The range of anticonvulsant action and acute toxicity of 5-[(Z)-(4-nitrobenzylidene)]-2-(thiazol-2-ylimino)-4-thiazolidinone

Abstract

The aim was to study the range of anticonvulsant action of 5-[(Z)-(4-nitrobenzylidene)]-2-(thiazol-2-ylimino)-4-thiazolidinone in experimental models of seizures with different pathogenesis and determine acute toxicity of this compound.
The experiments were performed on 115 white nonlinear male mice weighing 18–25 g. The neurotransmitter activity profile of 5-[(Z)-(4-nitrobenzylidene)]-2-(thiazol-2-ylamino)-4-thiazolidinone was determined in seizure models induced by thiosemicarbazide, strychnine, picrotoxin, camphor and caffeine. The test compound and reference drugs were administered intragastrically 30 min before intraperitoneal (thiosemicarbazide, camphor, caffeine) or intragastric administration (strychnine, picrotoxin) of the convulsant. Acute toxicity was determined by the express method of T. V. Pastushenko.
Pharmacological analysis has showed that 5-[(Z)-(4-nitrobenzylidene)]-2-(thiazol-2-ylamino)-4-thiazolidinone demonstrates moderate activity in the strychnine seizure model, which effect is exceeded the activity of glycine. This shows the possible effect of test compound on postsynaptic glycine receptors.

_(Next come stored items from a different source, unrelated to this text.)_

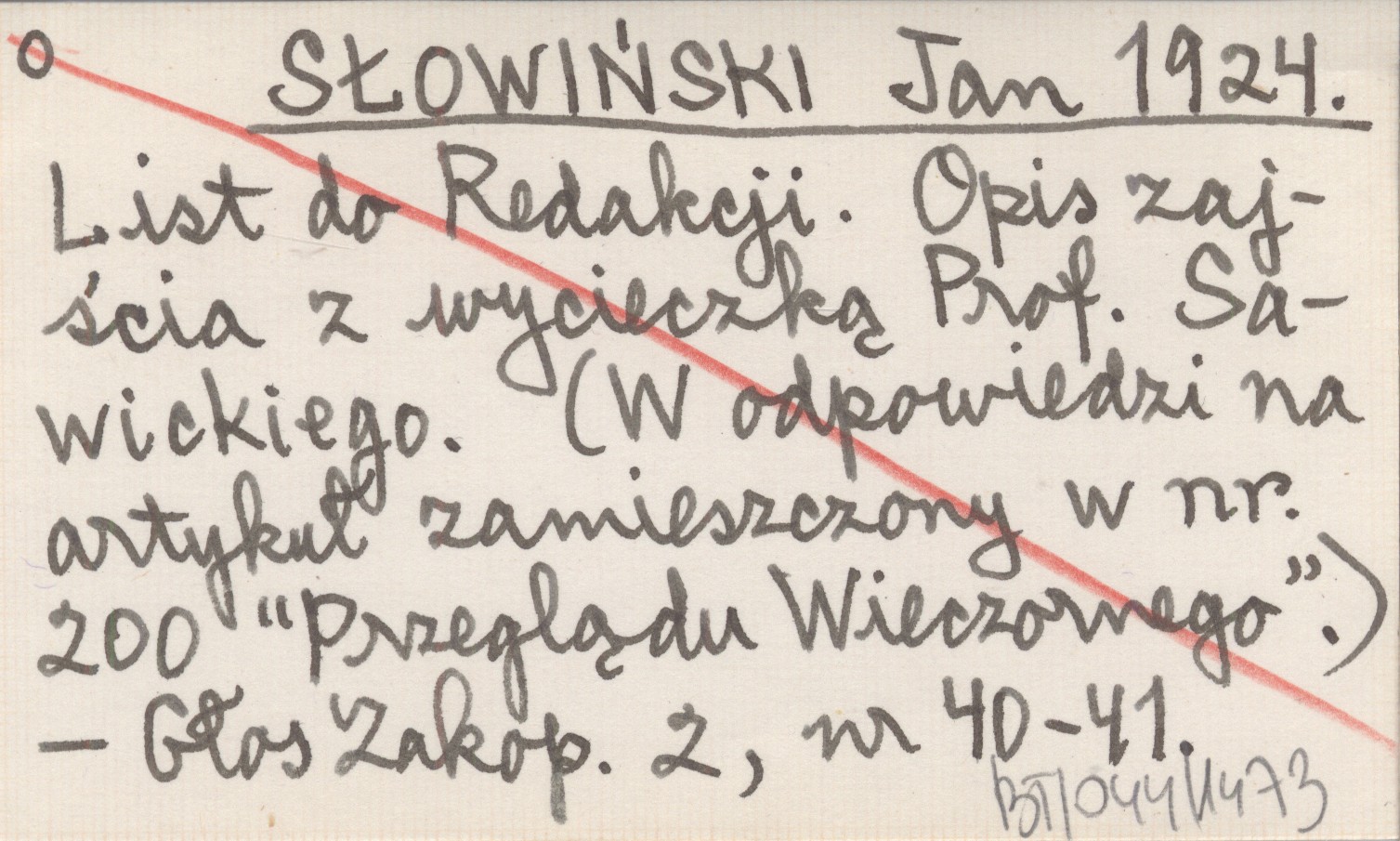 SŁOWIŃSKI Jan 1924 List do Redakcji. Opis zajścia z wycieczką Prof. Sawickiego. (W odpowiedzi na artykuł zamieszczony w nr. 200 "Przeglądu Wieczornego").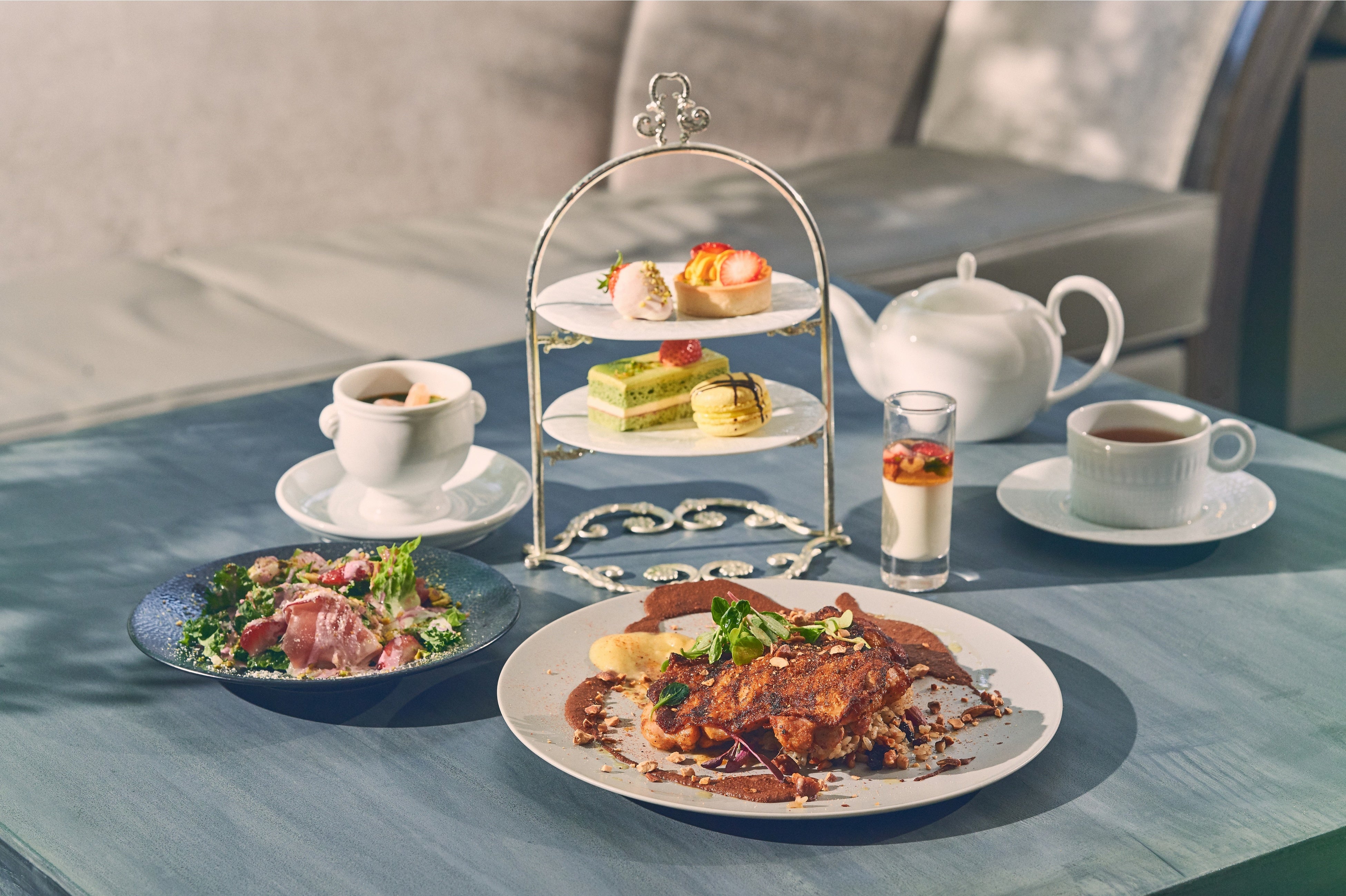 セイボリーでは、ストロベリーソースとピスタチオのローストをあしらったサラダや、はちみつでマリネししっとり仕上げたTAVERN特製のグリルチキンをお楽しみいただけます。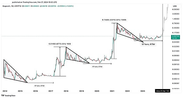 当前图表反映了牛市中DOGE价格所遵循的模式。事实上,这里DOGE也有周期性的出现。与比特币减半图表类似但有所不同。2013 年 12 月,狗狗币在周线图上形成下降楔形。接下来是长达 679 天的盘整期和令人惊讶的 8,773% 牛市。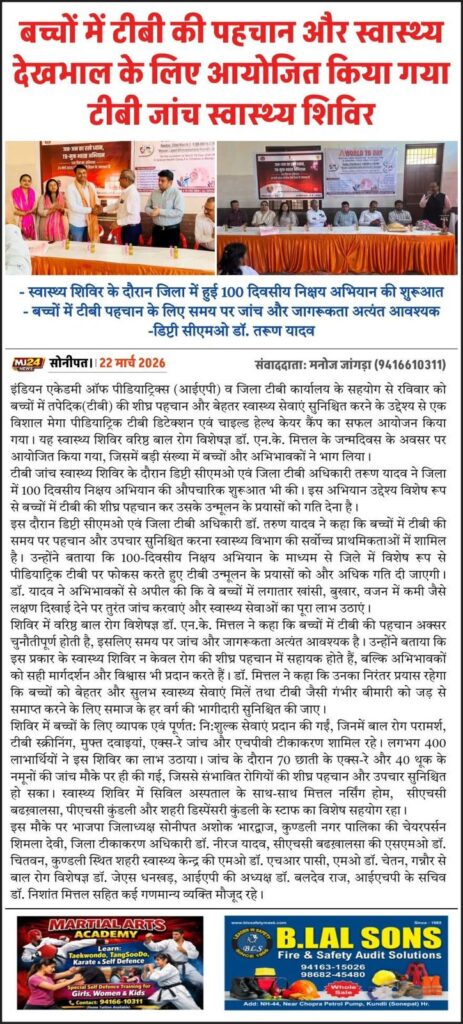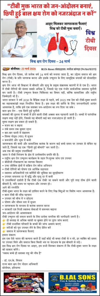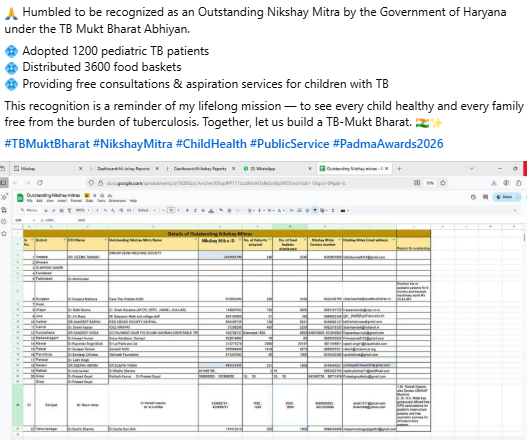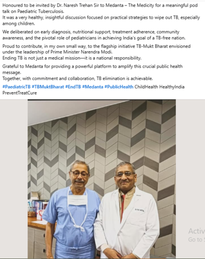 At Mittal Nursing Home, Sonipat, Dr. N.K. Mittal has played a significant role in advancing the TB Mukt Bharat Abhiyan, with decades of dedicated service in pediatric tuberculosis care.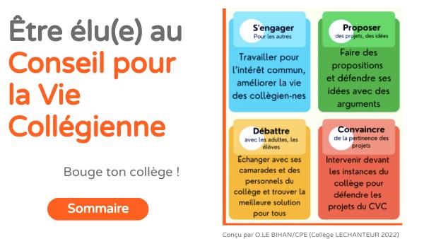 Le CVC est un conseil d’élèves conçu comme un lieu de dialogue et d’échanges entre les membres élus (les élèves) et les membres volontaires de la communauté éducative (personnels de l’établissement et parents). Au CVC, les élèves proposent, les adultes conseillent et accompagnent. L’une des clés de la réussite de cette instance repose donc sur la confiance donnée aux élèves.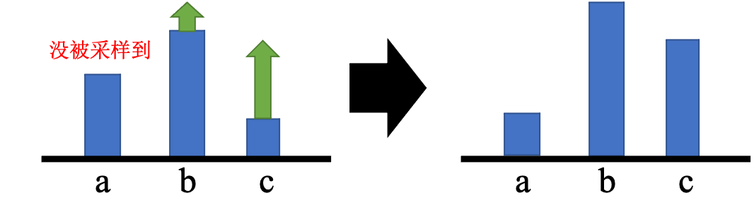 116页,图4.10下面一段的第5行:我们可能只采样到动作b或者只采样到动作c → 我们可能只采样到动作b和动作c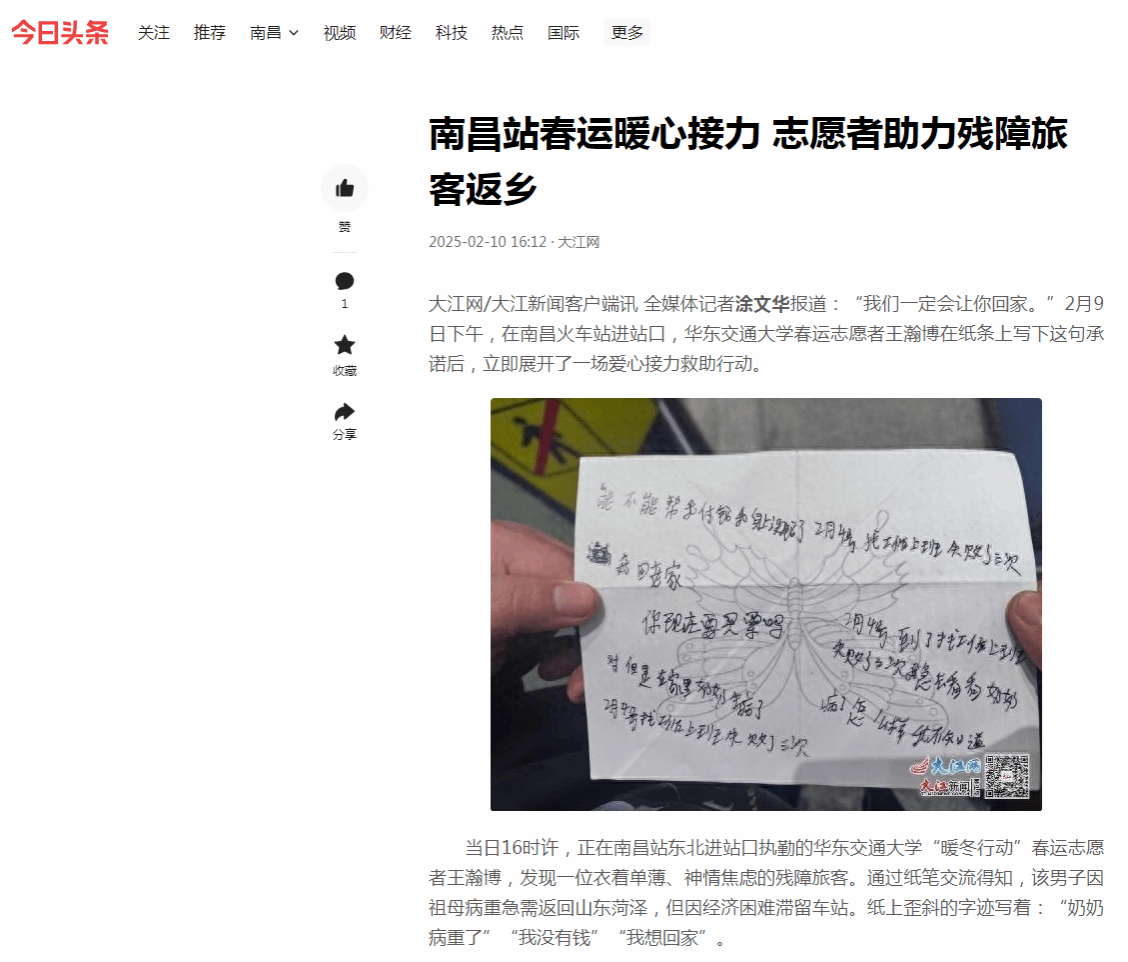 当日16时许,正在南昌站东北进站口执勤的KY开元集团官网入口“暖冬行动”春运志愿者王瀚博,发现一位衣着单薄、神情焦虑的残障旅客。通过纸笔交流得知,该男子因祖母病重急需返回山东菏泽,但因经济困难滞留车站。纸上歪斜的字迹写着:“奶奶病重了”“我没有钱”“我想回家”。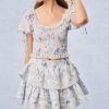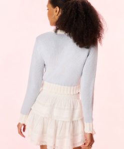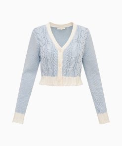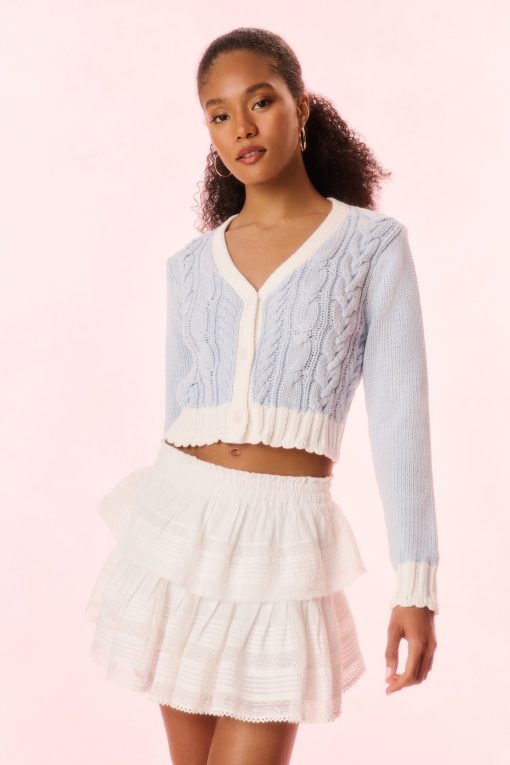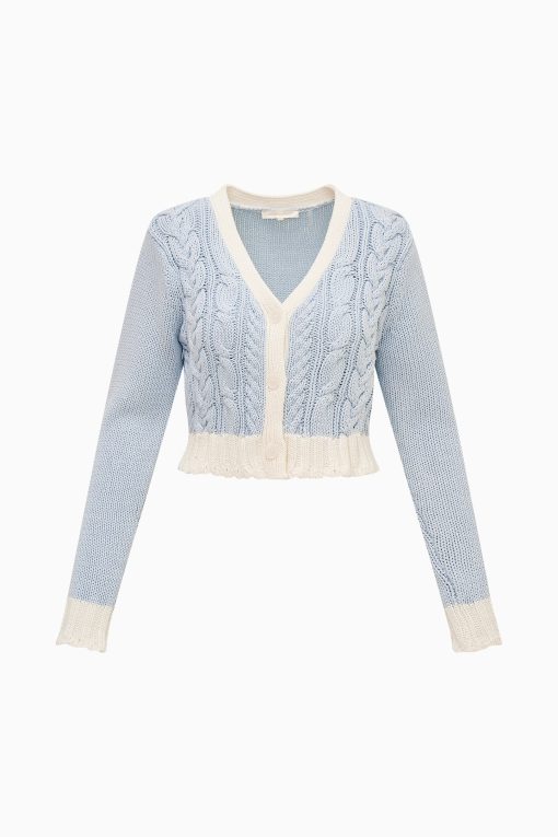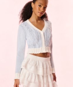 Introducing the Hyacinth Cardigan. This chunky knit features cable details on the front while sleeves are an easy, jersey knit. The layer has contrast trim and a contrast placket with custom bow shell buttons. With a slightly cropped hem, this cardigan has a nice and flattering fit.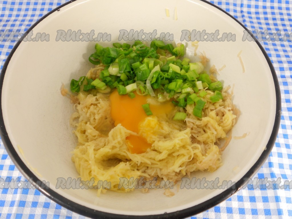 К натёртому картофелю добавить сырое яйцо, мелко нарезанный зелёный лук (или другую свежую зелень). Если вы возьмёте крупное яйцо, тогда достаточно будет 1 яйца. Если яйцо мелкое, тогда нужно добавить 2 штуки.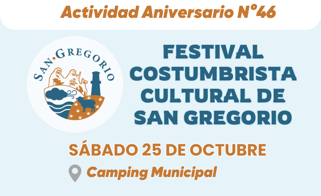 Punta Arenas. 23 octubre 2025. En el marco del 46° Aniversario de la comuna de San Gregorio, la Ilustre Municipalidad invita a vecinas, vecinos y visitantes a participar del Festival Costumbrista Cultural, que se realizará este sábado 25 de octubre desde las 12:00 hrs. en el Camping Municipal de San Gregorio, en la región de Magallanes y Antártica Chilena. La actividad será totalmente gratuita y abierta a toda la comunidad.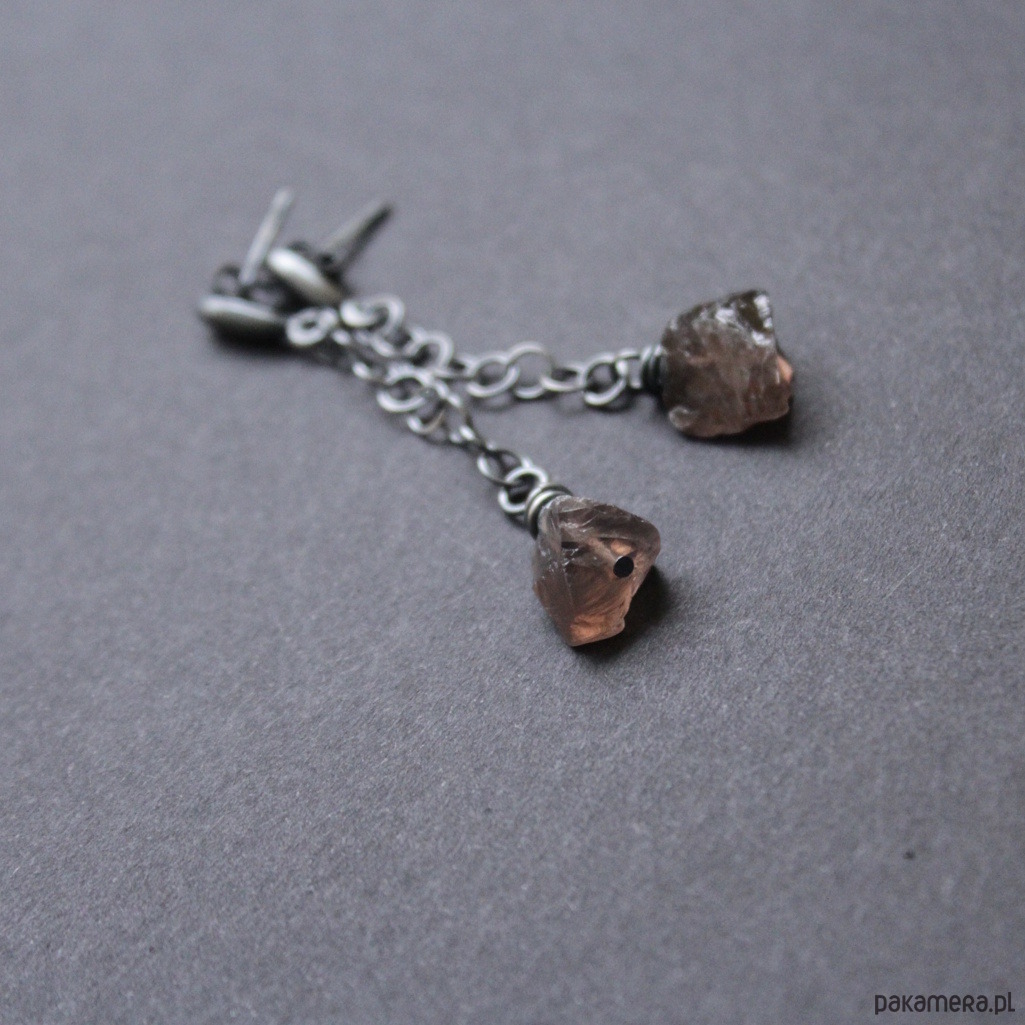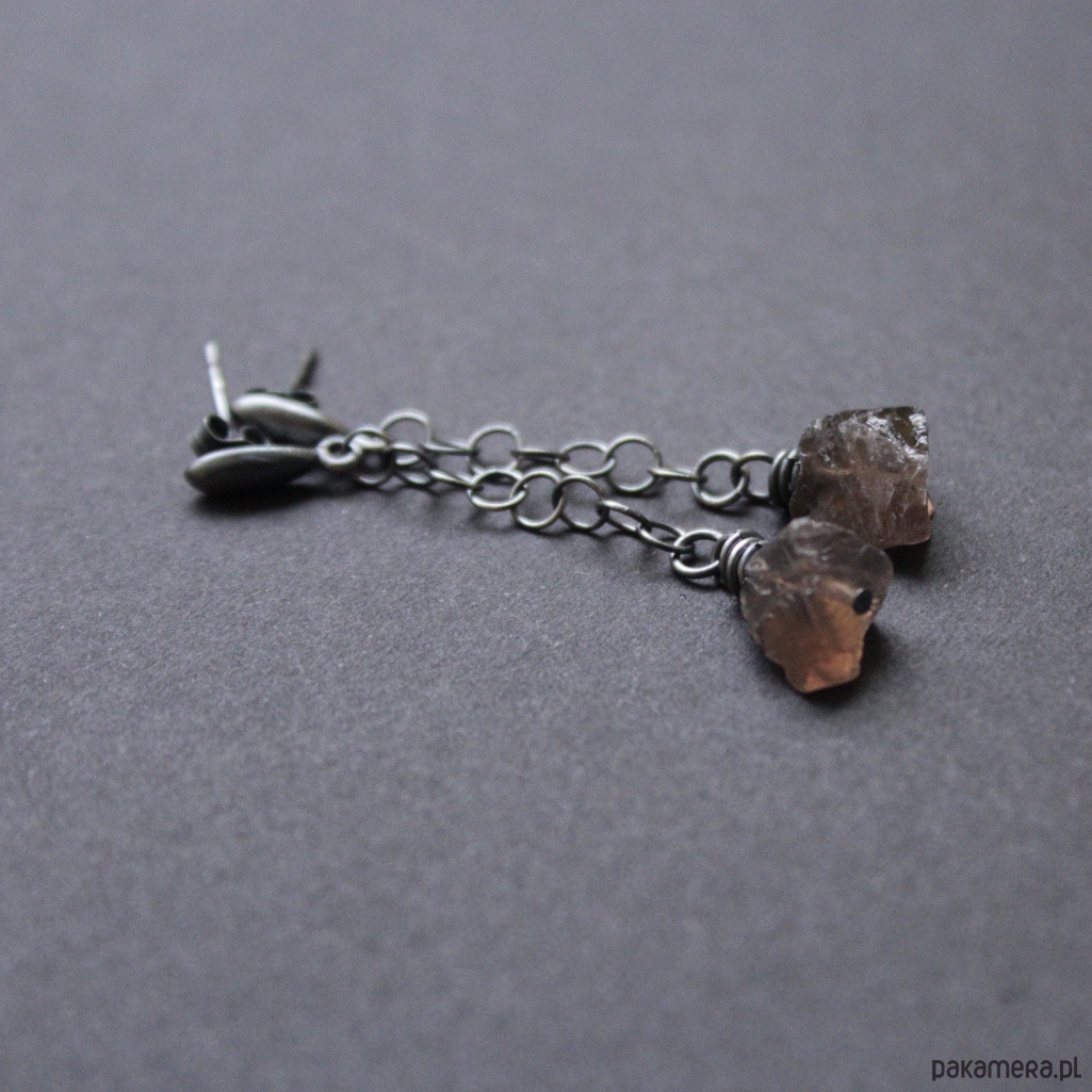 Oryginalne kolczyki wykonane zostały zoksydowanego srebra próby 925 oraz bryłek surowego kwarcu dymnego wielkości 0,8 cm.

It was found that 5-[(Z)-(4-nitrobenzylidene)]-2-(thiazol-2-ylamino)-4-thiazolidinone demonstrated activity in caffeine-induced seizure model at the level of specific adenosine receptor agonist inosine. The results indicate a possible mechanism affecting adenosinergic processes. In the picrotoxin seizure model,
the test compound was active at the level of sodium valproate, which may be associated with the antagonism of the blockade of the GABA receptor channel. In seizure models induced by thiosemicarbazide and camphor 5-[(Z)-(4-nitrobenzylidene)]-2-(thiazol-2-ylamino)-4-thiazolidinone had not showed anticonvulsant effect. The test compound belongs to the V class of toxicity – practically non-toxic substances, since LD50 > 5000 mg/kg.
Thus, the results obtained indicate the feasibility of further pharmacological studies of 5-[(Z)-(4-nitrobenzylidene)]-2-(thiazol-2-ylamino)-4-thiazolidinone as a promising anticonvulsant with a polytropic mechanism of action and low toxicity.